Step 2. Send Images Immediately to the Appropriate Node
As soon as you acquire the NQ series, send it to the appropriate node. This allows processing time while the study is completed. NQ processing takes about 15-30 minutes

  • Multiple Sclerosis: Send to NQ_MS.
  • Epilepsy: Send to NQ_EPILEPSY
  • Dementia: Send to NQ_DEMENTIA

Step 3. Check to make sure the correct report(s) are generated in PACS. If there are errors, email Joe and Wayne.

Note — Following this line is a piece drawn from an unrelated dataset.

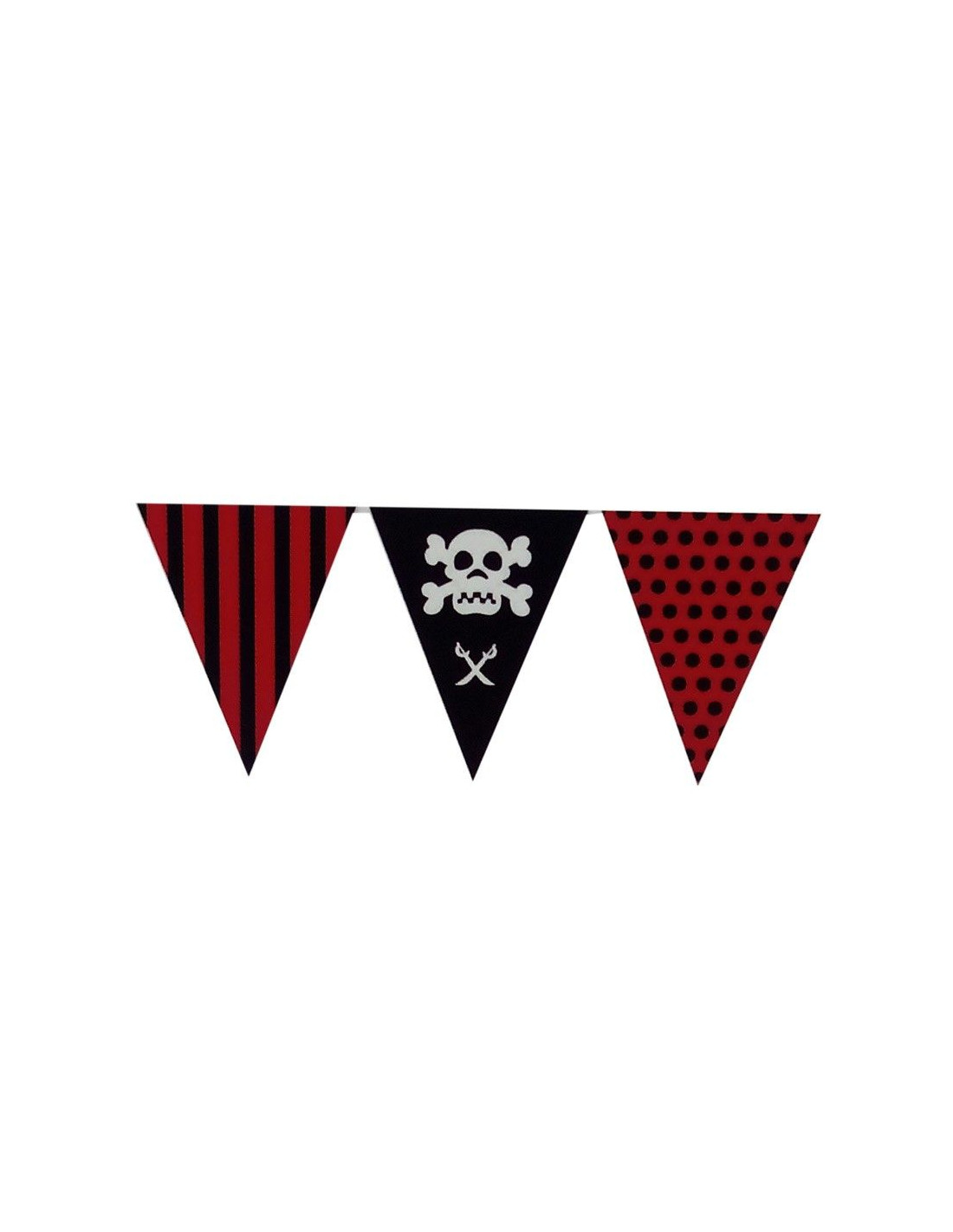 Banderín con forma triangular y motivos piratas. Ideal para fiestas de cumpleaños temáticas. Tiene una medida de 5metros de largo y banderines de 27x23cm.

  • NQ_MSGenerates 1 report: Multistructure Atrophy
  • NQ_EPILEPSY. Generates 3 reports: Age-Related Atrophy, Multistructure Atrophy, and Triage Brain Atrophy 
  • NQ_DEMENTIA. Generates 3 reports: Hippocampal Asymmetry, Multistructure Atrophy, and Triage Brain Atrophy
Plane Weighting Mode Slice (mm) Gap (mm) FAT SAT FOV MPR Notes
SAG T1 3D TFE 1.2 (160-170 slices) 0 no 24-25.6 no Send to NQ_MS. See specific NeuroQuant 3D T1 scan parameters above.
AXIAL T2 2D TSE 4 1 no 23 no Angle to Corpus. Cover at least 1cm above vertex through skull base. Cover entire nose.
AXIAL DWI EPI 3 0.3 YES 23 no Angle to Corpus. Cover Skull Base to Vertex. Send only B1000 & ADC.
AXIAL SWI 3D GRE 2 -1 no 23 no Angle to Corpus. Cover skull base to vertex. Ok to add slices.
Contrast Injection
SAG T2 FLAIR 3D IR-TSE 1 0 YES 23 AXIAL, COR Angle to interhemispheric fissure. Cover ears and nose. Spacing and gap are variable.
SAG T1 3D TSE 1 0 YES 23 AXIAL, COR Angle to interhemispheric fissure. Cover at least 1cm above vertex through skull base. Cover entire nose.